Researchers Say Sleep and Sex — Not Money — Are the Keys to Happiness

It’s often said that money doesn’t bring happiness – but researchers may have found the two things that do. A study has found that sex and sleep are the two things that have the strongest association with a person’s wellbeing.

The index, developed by researchers Oxford Economics, found that quadrupling your income causes very little increase to your happiness, while spending time in the bedroom is a lot more significant.

Polling carried out by the National Centre for Social Research, found that the most rested people score 15 points higher on the index than those who struggled with their sleep.

People who are deeply dissatisfied with their sex lives score seven points lower on average than those who say they were very satisfied.

By the same metric, increasing household income from £12,500 to £50,000 results in an increase of just two points.

The study, commissioned by Sainsbury’s, will return to the same respondents every six months to see how changes in their lives affect their happiness.

“For the typical Brit, improving their sleep to the level of someone at the top of the Index would be equivalent to them having over four times as much disposable income,” the report said, adding that sleep was the “strongest indicator of a broader sense of wellbeing”.

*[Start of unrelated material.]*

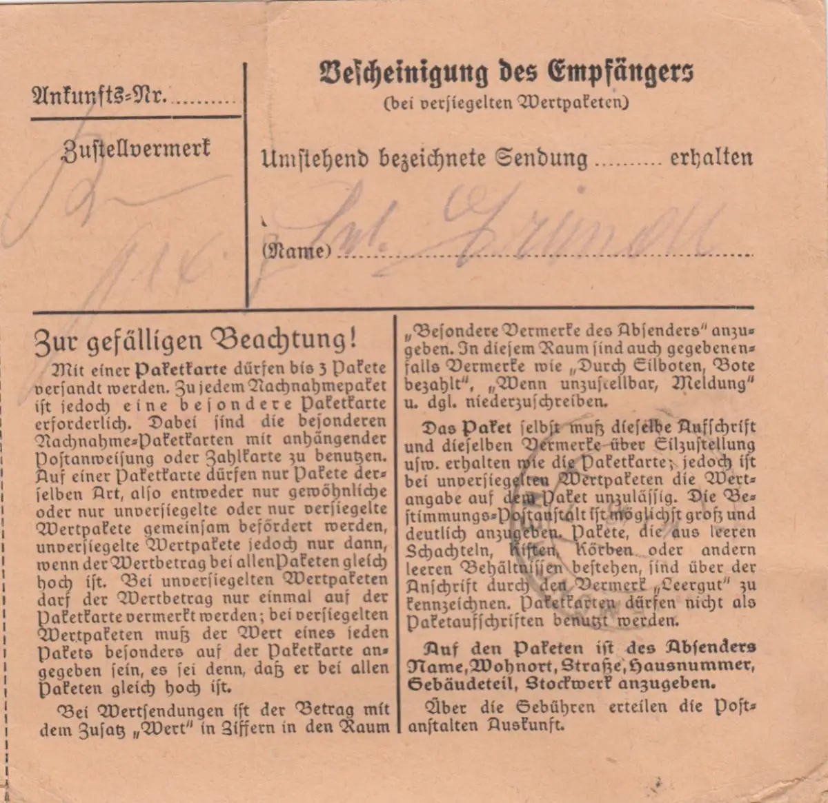 Carte de paquet BiZone 1948: Neuburg Donau après Haar, Heilanstalt

Other factors including living in a strong community, job security and the health of close relatives were also more significant than income.

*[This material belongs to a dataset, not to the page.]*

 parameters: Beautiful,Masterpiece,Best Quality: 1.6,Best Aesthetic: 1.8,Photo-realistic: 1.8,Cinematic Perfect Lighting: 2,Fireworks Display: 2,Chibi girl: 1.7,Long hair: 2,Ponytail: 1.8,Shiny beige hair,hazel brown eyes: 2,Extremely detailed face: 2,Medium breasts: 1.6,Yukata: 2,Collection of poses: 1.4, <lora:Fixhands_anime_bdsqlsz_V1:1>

Ian Mulheirn, director of consulting at Oxford Economics, said: “The richness of our relationships and support networks remains among the biggest determinants of how well we live – and represents an area of our lives in which we can act.”

The analysis also found that young families were the happiest demographic group overall. There was a strong association between happiness and having a young child at home.

“Baby boomers” who were still in work were the second-happiest group because of good job security and a high standard of living.

Child-free people in their 30s and 40s were the least happy because they have “weaker support networks” and lower levels of satisfaction with their sex lives, it said.